Studi Kasus Yang Dilakukan

Untuk studi ini, 116 relawan menjawab sebuah kuesioner untuk menentukan kepribadian mereka, lalu melakukan uji pencitraan otak yang mengukur ukuran relatif berbagai bagian otak.

Sebuah program komputer dipakai untuk melipat tiap bagian otak sehingga ukuran relatif berbagai struktur dapat dibandingkan. Beberapa hubungan ditemukan antara ukuran bagian otak tertentu dengan kepribadian. Penelitian ini tampil dalam jurnal Asosiasi sains psikologi, Psychological Science.

Seperti misal, setiap orang, kemungkinan besar paham tentang apa itu ekstroversi (terbuka secara sosial), orang yang ekstrovert itu suka bicara, sering keluar rumah dan sedikit random sifatnya.

Mereka lebih senang melakukan hal-hal seperti interaksi sosial dengan teman, beraktivitas di taman bermain atau segala hal yang sifatnya random. Dan mereka juga termotivasi untuk mendapatkan suatu rewards, yang merupakan bagian dari alasan mengapa sifat mereka lebih menuntut.

“Pencarian hadiah dipandang menjadi faktor utama ekstraversi. Studi sebelumnya telah menemukan bagian otak yang aktif dalam mempertimbangkan hadiah. Maka ilmuwan dan koleganya berpendapat kalau daerah tersebut harusnya lebih besar pada orang yang lebih ekstravert.

Dan benar juga, mereka menemukan kalau salah satu daerah tersebut, korteks orbitofrontal medial — sedikit di atas dan dibelakang mata, lebih besar secara signifikan pada subjek studi yang sangat ekstrovert.

Riset Lainnya Pun Hasilnya Serupa

Studi yang sama menemukan asosiasi yang sama pada kehati-hatian, yang berkaitan dengan perencanaan; neurotisme, kecenderungan untuk mengalami emosi negatif yang berkaitan dengan sensitivitas terhadap ancaman dan hukuman; dan kesetujuan, yang terkait dengan bagian otak yang memungkinkan kita memahami emosi, niat dan keadaan mental orang lain.

Hanya sifat keterbukaan/intelektual yang tidak berhubungan jelas dengan struktur otak yang telah diprediksi.

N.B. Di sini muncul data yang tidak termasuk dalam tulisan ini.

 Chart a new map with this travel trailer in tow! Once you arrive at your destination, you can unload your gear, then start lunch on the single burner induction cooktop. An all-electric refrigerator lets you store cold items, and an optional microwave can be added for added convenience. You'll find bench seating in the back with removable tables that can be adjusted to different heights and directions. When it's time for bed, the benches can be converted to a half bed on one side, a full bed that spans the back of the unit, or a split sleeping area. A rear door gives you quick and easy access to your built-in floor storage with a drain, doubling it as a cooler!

Tentunya teman-teman sekalian bisa mengatakan bahwa, hasil ini mulai mengindikasikan kalau kita dapat sesungguhnya menemukan sistem biologi yang bertanggung jawab atas pola perilaku dan pengalaman kompleks yang membuat orang menjadi individual.

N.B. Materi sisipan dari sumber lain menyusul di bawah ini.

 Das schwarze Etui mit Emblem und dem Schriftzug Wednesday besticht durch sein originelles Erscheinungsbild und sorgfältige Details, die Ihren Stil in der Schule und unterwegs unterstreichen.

Gimana udah bisa dimengerti ya, gimana bagian tubuh kita ini bisa mempengaruhi sifat seseorang? Saya harap kalian mengerti.

Ilmuwan pun menunjukkan kalau ini tidak berarti kalau kepribadian anda tetap sejak lahir; otak terus tumbuh dan berubah saat ia tumbuh. Pengalaman merubah otak saat ia berkembang, dan perubahan di otak tersebut dapat merubah kepribadian.